The Jefferson City Community Center will not be used as a polling place in November, nor will it be used as a ballot drop-off location. The former one-room brick schoolhouse in Jefferson City, built in 1911, has remained, for the first time, largely empty this year due to the ongoing pandemic. Most years, the Jefferson City Community Center hosts a range of events for the fire department and the community — an Easter egg hunt, a chili feed, birthday parties, community days, public meetings and learning events.

Aside from some renovations--including murals, indoor restrooms, a small kitchen, handicapped accessibility, and areas created for the fire department — the building has remained mostly  the same as Marge and Lois Reilly recall. When they graduated from the 8th grade in 1952, they were the last class to do so.

The school was closed, to the best of Marge’s reconciliation, in part because of a small population and possibly because of some family feuds, perhaps due to the closed schools in Wickes and Corbin to consolidate with the schools in Boulder and Clancy, instead of Jefferson City.

In an effort to retain the history of the former schoolhouse, the well-worn floors are still the same, the blinds, the chalkboard, the coffee-stained wooden desk of a teacher, the rusting metal floor grates, the books lined up neatly in a glass-fronted bookcase, and a single outhouse all remain.

Though some items were lost to time or the hands of others, the Reilly’s recall the old wooden desks with slots for their papers hidden under the top that have long since gone missing. The school bell was stolen as well. It was later replaced years ago by Frank Bost from back east.

“It was a wonderful school,” said Marge, adding that schools have changed tremendously in the last 20 years. “When we were going to school, teachers taught, that was their main function … Sometimes it just blows my mind what we actually ask teachers to do.” Marge said that when she attended the school, teachers taught and had to do some light cleaning of the schoolhouse, whereas teachers now play the role of the social worker. “They have a tremendous responsibility...for not much money. They spend a lot of their own money on kids”

“Mrs. McConnell was our teacher … and she was an excellent teacher,” Marge said, relaying one of her favorite memories of her time at the school, “I always remember the other student that was here … he had problems in other schools and he acted up one day. She walked over very quietly — there was no physical anything, there was no yelling — but the upshot was, she told him she was the teacher and she was to teach and he was the student and he would learn and that we would both get along. She never had another problem with him again. She was one of those older teachers who knew how to discipline.”

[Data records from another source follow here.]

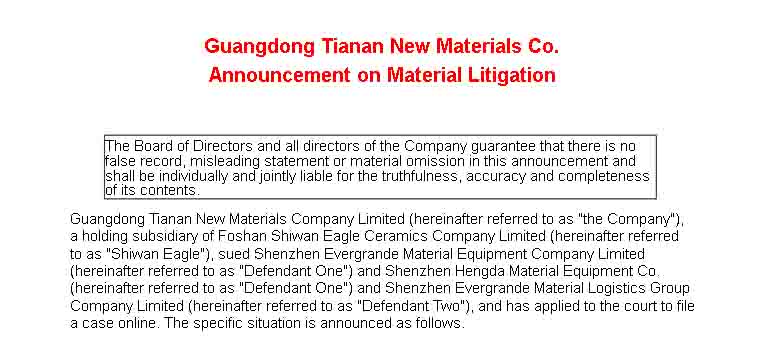 Ltd. (ntawm no xa mus ua “Tianan New Material”) issued an announcement, disclosing the case: its holding subsidiary – Foshan Shiwan Eagle Ceramics Co, Ltd (ntawm no xa mus ua “Dav dawb hau Ceramics”) sued Shenzhen Evergrande Material Equipment Co and Shenzhen Evergrande Material Logistics Group Co Ltd (ntawm no xa mus ua “Evergrande Material Logistics”).
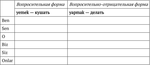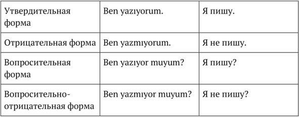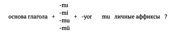 В образовании вопросительной формы участвует вопросительная частица -mı / -mi / -mu / -mü (Глава 2). Однако так как в настоящем времени используется аффикс -yor, то по закону гармонии гласных после него использоваться может только частица -mu (исключение составляет 3-е лицо мн. ч. – onlar (подробнее об этом ниже). Вопросительная частица соединяется с личным аффиксом и пишется отдельно от глагола, поставленного в форму настоящего времени:
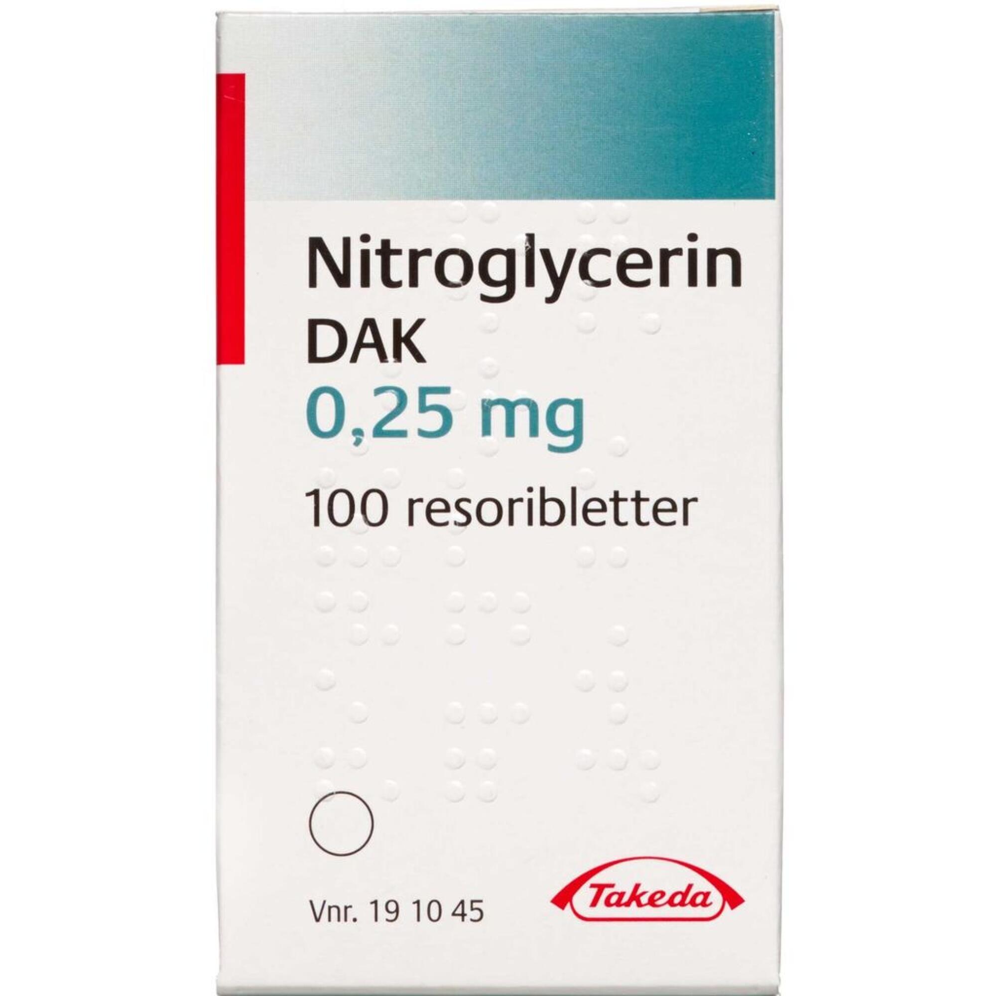 Køb NITROGLYC. RESORI.SUBL.0,25 MG online på apotekeren.dk og få varen tilsendt direkte til dig.

Their love for the building runs deep, with Marge having her wedding reception at the 

schoolhouse in 1985 before many of the modern additions to the building began construction. Later, she was involved with the community center as part of the board when they began fundraising for the renovations. And, later, Marge, with the help of Bud Siderits, chief of the Jefferson City Volunteer Fire Department, created a brochure to celebrate the 100th anniversary of the schoolhouse.

While the Jefferson City Community Center may stay quiet this year, its ardent supporters will never allow it to stay that way. It will always be the heart of Jefferson City, as long as the community continues to value and protect it.